The other focus on material lack is the ability to maintain housing at an adequate temperature: energy poverty. It has dropped into all housing tenure regimes, with an average of 3.6%. Although the falls have been more accentuated in both types of rent, these are more than 10 points above. In the case of protected income, it has dropped from 34.5% of households to 29.2%. For free rentals, households that are cold in winter have been reduced from 31.9 to 27.3%.

“For people who live for rent below the market price energy poverty has been reduced 5.3 points and, among those who live at market price, 4.6. It is striking that those who, a priori, enter less improve their situation more than the rest in something like electricity, which fluctuates the same for everyone, ”says García-Gil. In this line, measures such as the Electric Social Bonus for vulnerable families have been implemented, but other voices see similarities with effects caused by the great recession. “Energy poverty affects people who have a salary and better conditions, but who cannot keep their home at adequate temperatures,” warns the head of the UGT branch, Rubén Ranz.



The reading of the experts consulted concludes that the increase in housing prices, especially for rent, is a brake for poverty eradication. “Everything we are trying to improve conditions, such as the SMI or the salary increases of collective agreements, goes in many cases for rent, the true hole that generates the greatest poverty,” Ranz develops, which attributes the “disproportionate increases ”To the lack of price control due to the refusal of regional governments, mainly those of the PP, to declare tension areas.

This price control is also defended by the president of EAPN. “You have to do something immediately so that housing can be accessible to people,” says Susiah, which points to another negative element, such as “housing maintenance expenses.” Sociologist Sánchez-Sierra remembers in this regard that household expenses are cumulative. You can do without the holidays, to go to a restaurant or the second pair of shoes, but not to pay the rent or the mortgage. “Once you find the difficulty of facing an expense with the house, it accumulates month by month, it is recurring,” he says.

The rising exception: child poverty

The general reduction of poverty was clouded by an exception, the increase in child poverty, which already occurred last year. “Boys and girls remain the great losers in a context of economic growth. Its entrance or monetary poverty rate has increased from 28.9 to 29.2%, ”they regret in UNICEF. “Spain is the fourth economy in La Unión Europa and also occupies the unfortunate position of being the second country with more child poverty,” says Catalina Perazzo, director of childhood policies at Save The Children.

In Cáritas they emphasize that you cannot “separate childhood and first youth from the home context.” “That child poverty is being given in a full family,” recalls Marina Sánchez-Sierra, sociologist of the Spanish Cáritas Studies team.

This worsening among minors is also related to the housing crisis. “It is having a role of impoverishment and determining social exclusion for children and their families,” they indicate in UNICEF, with worse indicators in delays in the payment of housing in households with children in charge.

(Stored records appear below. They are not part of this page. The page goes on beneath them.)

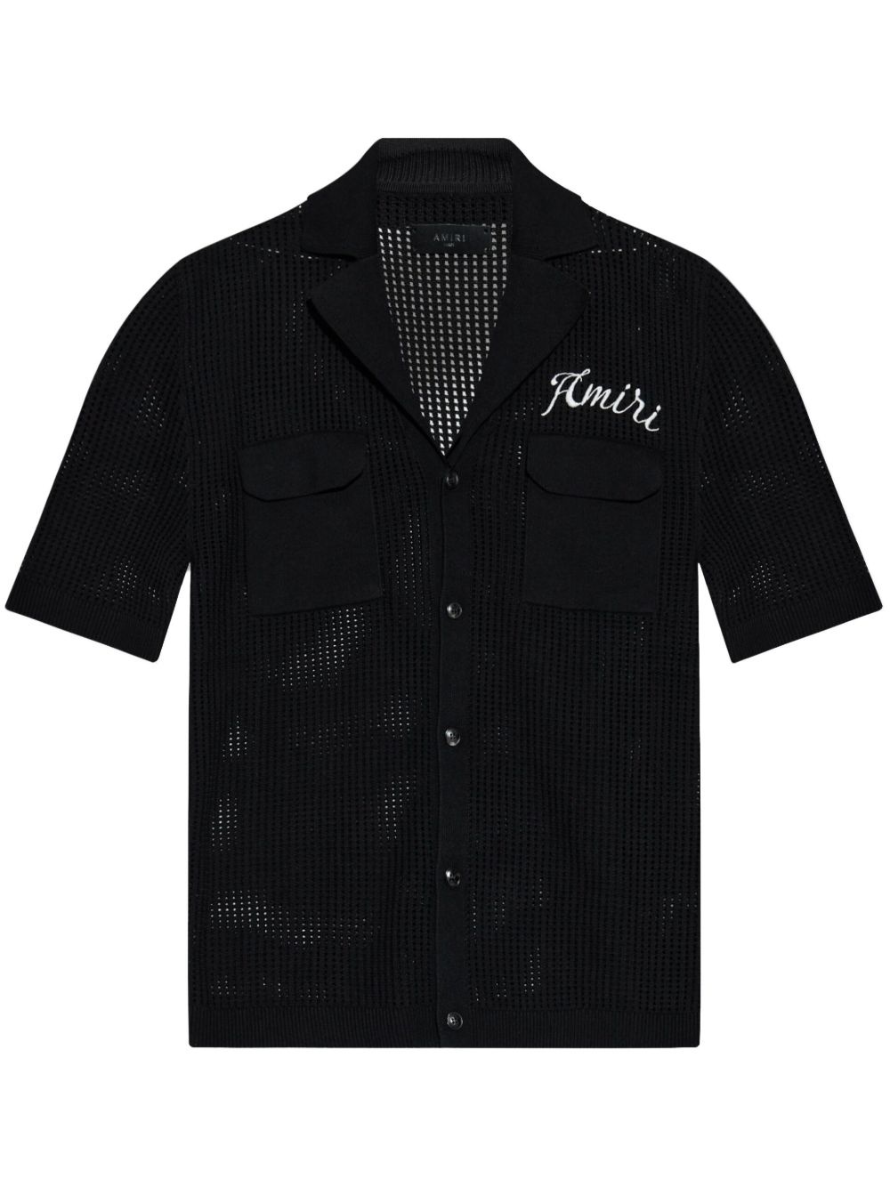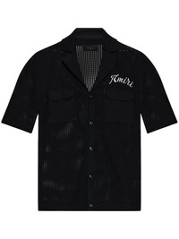 Camp-Collar Logo-Embroidered Open-Knit Cotton Shirt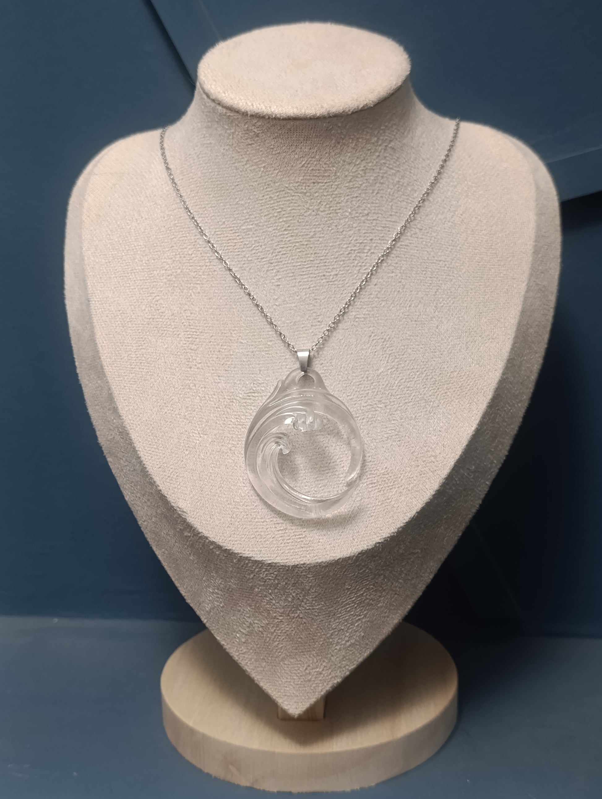 Está hecho de resina totalmente transparente, lo que hace que parezca agua cristalina. Al no tener color, es una pieza versátil que combina absolutamente con todo.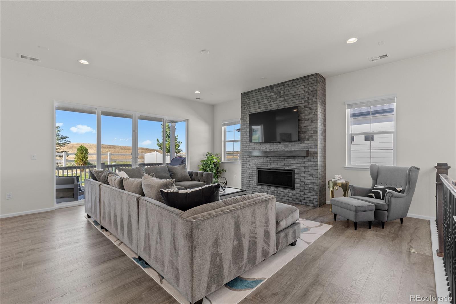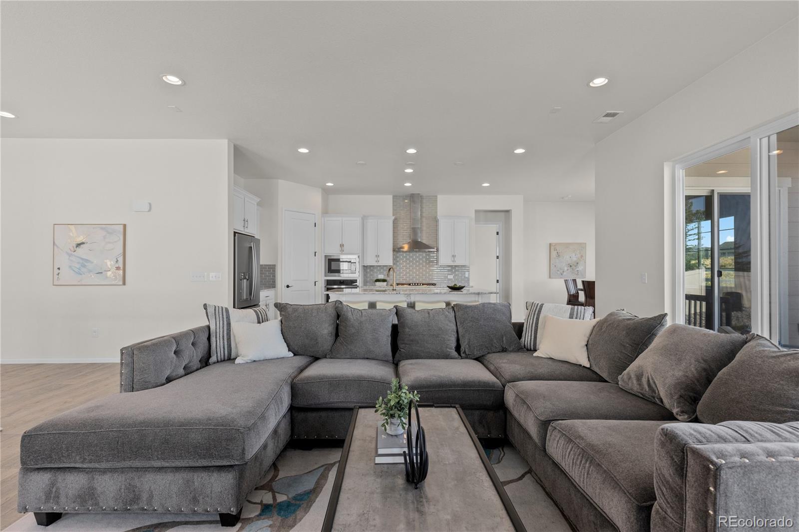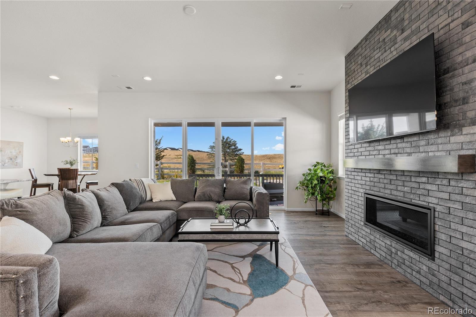 Set within the scenic enclave of Stone Creek Ranch, this 2022 ranch-style home captures sweeping views of Colorado’s rolling hills and offers a sophisticated take on modern, main-floor living. Expansive windows bathe the main level in natural light, creating a warm and welcoming atmosphere equally suited for quiet mornings and effortless entertaining. The chef’s kitchen is the true centerpiece, featuring an oversized island, timeless subway tile backsplash, stainless steel appliances, and a walk-in pantry. The space flows seamlessly into the dining area and great room, where a sleek fireplace provides a stylish focal point. Sliding glass doors invite indoor-outdoor living and frame the surrounding landscape. The primary suite serves as a serene retreat with peaceful views, a spa-inspired bathroom, and a generous walk-in closet. The finished lower level expands the home’s versatility, offering a wet bar, media area, and flexible spaces ideal for guests, a home gym, or creative pursuits. Additional highlights include a three-car garage, solar panels, and thoughtful designer finishes throughout. Residents also enjoy access to outstanding community amenities, including a pool, clubhouse, parks, and trails. This exceptional home delivers modern comfort, functionality, and outstanding value—main-floor living at its finest.

In Cáritas they agree that housing explains part of “the generational gap” in the poverty they are observing, since the elderly “are not subject to swings of employment and, in general, do not have so much problem with housing,” he adds Sánchez-Sierra.

In the EAPN, UNICEF and Save The Children demand that specific measures on childhood be implemented, such as universal benefit by parenting. This is one of the commitments of the coalition government, which is promoting Sumar and the Ministry of Social Rights with a view to the next budgets. In addition to transversal policies, social organizations point out the need to focus investment in children and families, “to approach European average.” “We talk about that, models and amounts that already exist in other countries,” says Marina Sánchez-Sierra.